The paper presents a novel framework designed for cardiac segmentation and automated cardiac diagnosis leveraging advanced deep learning techniques. The proposed architecture, a fully convolutional multi-scale residual DenseNet, is highly parameter and memory efficient. This framework addresses a significant challenge in medical image segmentation, particularly for cardiac MRI, where deep network architectures traditionally face difficulties due to limited training samples, overfitting, and computational overhead.

Key Contributions

  1. Efficient Network Architecture: The researchers designed a fully convolutional network that incorporates both long skip and short-cut connections. This design mitigates the common issue of feature map explosion associated with FCN architectures. The network processes input images at multiple scales using parallel structures inspired by the Inception module. This capability enables the network to efficiently capture and process varying scales and viewpoints inherent in medical images.
  2. Dual Loss Function: A novel dual loss function combines the benefits of cross-entropy and dice loss, each weighted to optimize both pixel-wise accuracy and segmentation metrics. The careful weighting scheme demonstrates adaptability to different classes within the dataset, addressing problems of class imbalance typical in medical imaging tasks.
  3. Comprehensive Validation: Validation of the proposed architecture on the ACDC-2017 and LV-2011 datasets yielded competitive performance. Specifically, the architecture achieved a high Jaccard index of 0.74 on the LV-2011 dataset, the highest among fully automated methods, while also surpassing other methods in automatic cardiac disease diagnosis with an accuracy rate of 100% on the ACDC testing dataset.
  4. Integrated Framework for Diagnosis: Beyond segmentation, this framework also integrates cardiac structure segmentation with the classification of cardiac diseases into a holistic automated solution. This approach is computationally efficient, lending itself to clinical applications where there is a demand for rapid and reliable computer-aided diagnosis tools.

Implications and Future Directions

Practically, this research demonstrates a clear pathway for deploying deep learning models in clinical environments, especially given the network's reduced parameter requirements and computational efficiency. The use of high-dimensional residual DenseNet connections enhances model robustness to overfitting, a critical consideration given the typical scarcity of annotated medical training data.
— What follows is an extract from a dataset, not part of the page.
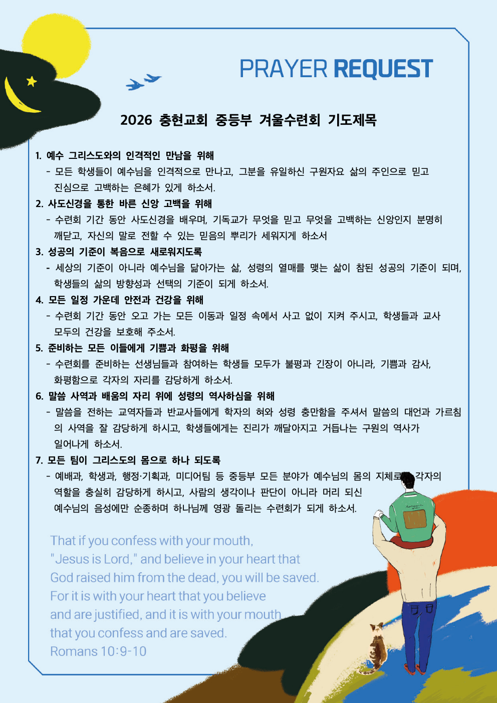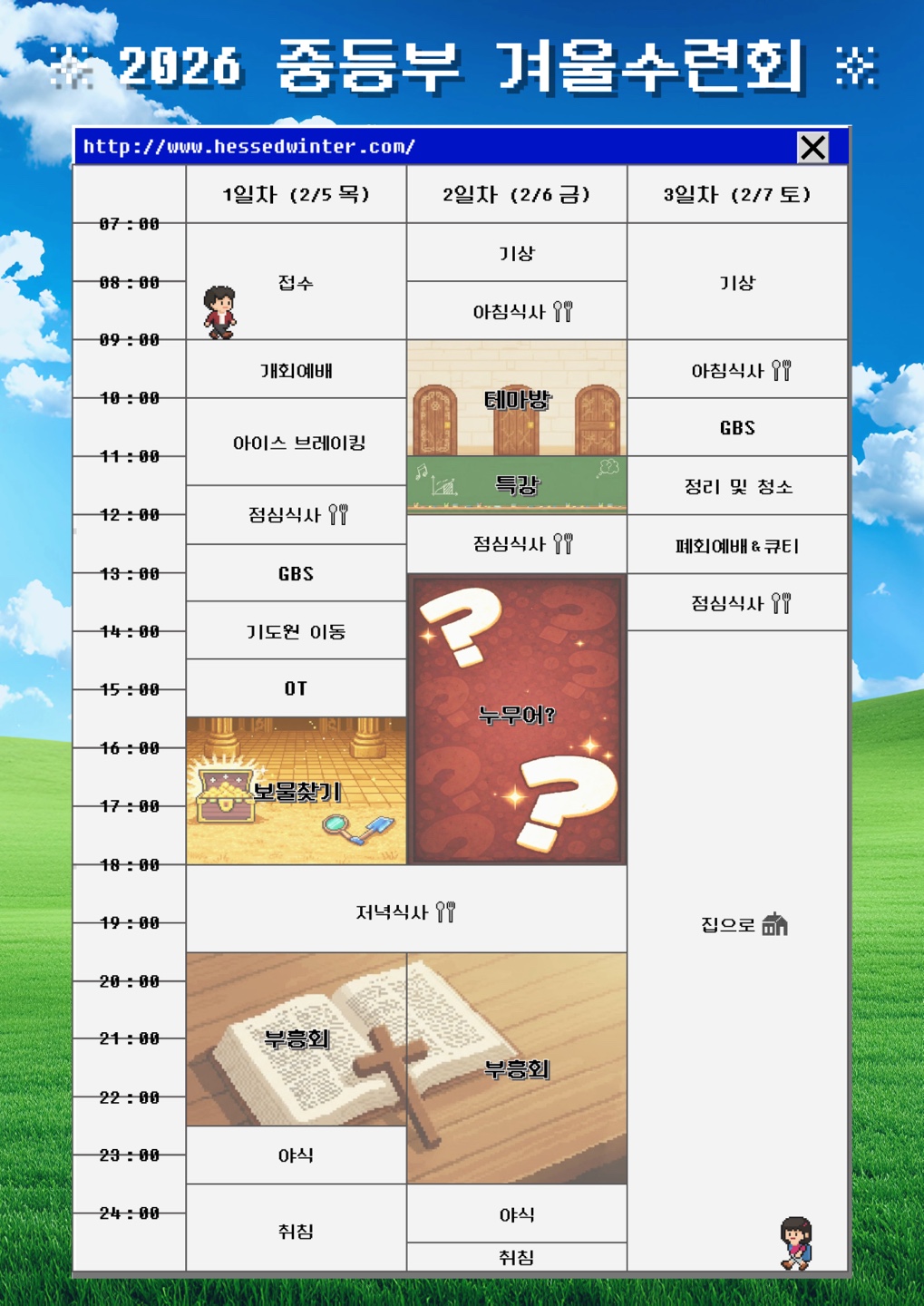 - 새가족은 회비가없습니다(전도위함). 식수/취침 인원 파악을 위해 연락만 먼저 해주시면 감사하겠습니다.

Theoretically, the paper contributes to the growing body of knowledge on how modifications in network architecture—such as employing inception-style parallel convolution branches—can enhance multi-scale image analysis capabilities within deep learning models. There is potential for further exploration into extending this dense connectivity pattern and multi-scale processing paradigm to 3D volumes, offering advances in volumetric segmentation tasks across other domains of medical imaging.

In summary, while further clinical validation and real-world testing are essential, the paper lays essential groundwork for transforming cardiac diagnostics via deep learning, with implications extending beyond just cardiac imaging. Future work can expand on this foundation, exploring more complex architectures and real-time deployment in busy clinical settings to further advance computer-aided diagnosis.